The other students are a librarian, a lawyer, a waiter, a teacher, a dog walker, a housewife, and a pilot, for whom grades and graduations are irrelevant. These students have left behind the pain of first love, the agony of leaving home; they have perspective on parents, pets, hangovers, cars, losing their virginity, leaving God. Irony is a shimmering possibility.

I couldn’t return to teaching undergraduates, encountering again their preoccupation with explicit sex, with drugs whose names I suspect they are misspelling. Their stories are all hot encounter and easy exits. Here, around this table, my students are aware that exits require more than an open door or someone yelling to the flat undescribed back of a character a final sentence holding variations of the word “fuck.” Their narrative sometimes exhibits a wisdom I’ll never attain. They are all in or have moved through situations longer than a year or a semester. Their feet recognize a quicksand the young mistake for music.

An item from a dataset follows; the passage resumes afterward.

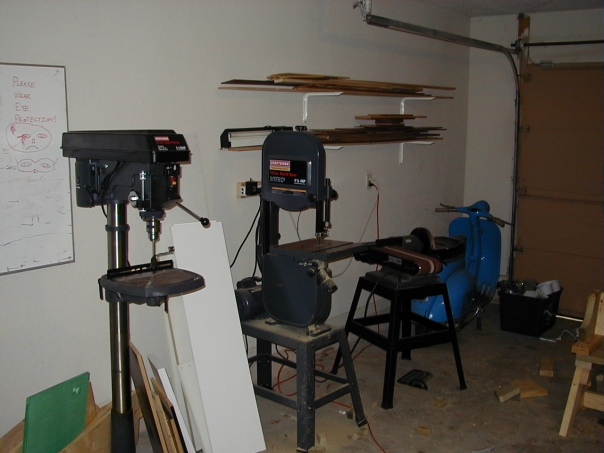 The shop is full of tools such as skil saw and there is wood on the floor.

The man in the wheelchair is in up to his waist, but his arms are strong, and the wheels are oars he uses well. The characters in his stories all walk, drive cars or trucks, straddle chairs and horses, make love with no accommodations for useless legs or an unresponsive pelvis. Last week he read a story about a man whose wife leaves him for her lover, his old college roommate. He knows they have headed to the desert. The man is in agony over his wife’s departure, his friend’s betrayal. He abandons his job, lives on Campbell’s soup, and wanders from bar to bar looking for answers. Somehow he presumes his wife’s return as from a short trip; his grief lacks the finality of mourning. An old friend sympathizes, but the narrator is too distraught to trust him. One day he finds himself outside the Center for Psychic Research (he lives in Los Angeles). Inside, the place is busier than people whose fingers are taking the pulse of the future should be. He is given an appointment with a sour woman who listens to his story as if she were expecting it. Then she suggests he follow his wife and her lover; she describes the advantages of astral travel. Unnerved, he flees back to the bar where he ridicules the woman’s advice to a fat bartender sadly cynical about all women. The story ends when the narrator goes home and waits for his wife’s return.

No one in the class has heard of astral travel so they don’t question the narrator’s response to the old woman. Several people suggest the story needs the wife’s return. Another student says the worse betrayal was by the friend, that it is their story. We discuss “what is at stake.”

Later, at home, I write comments on stories read that day. But first I look up astral travel. Astral Projection. I read about West Indian charm songs, yoga breathing exercises. Of the safety in the invisible elastic cord that extends from the forehead of the physical body to the back of the head of the astral body. Distances and geography are nothing. I recall earlier class discussion around that table, his silent chair. I give him different advice, I write:

This story needs a leap of faith, a confrontation. Forget cars and trucks; motorcycles are dangerous. Omit the last bar scene and have him listen to the wise, not sour, woman. Give him topographical maps, books about desert birds, a need for the sweeping beauty of sand. Then lift him to the desert, over the mountains to the clear dry air to float on the heat of the day—his eyes the eyes of an eagle—to sink with the cool dark nights. Then see what happens. You must convince the reader this is possible. You must believe and take us all there. I for one am prepared to travel.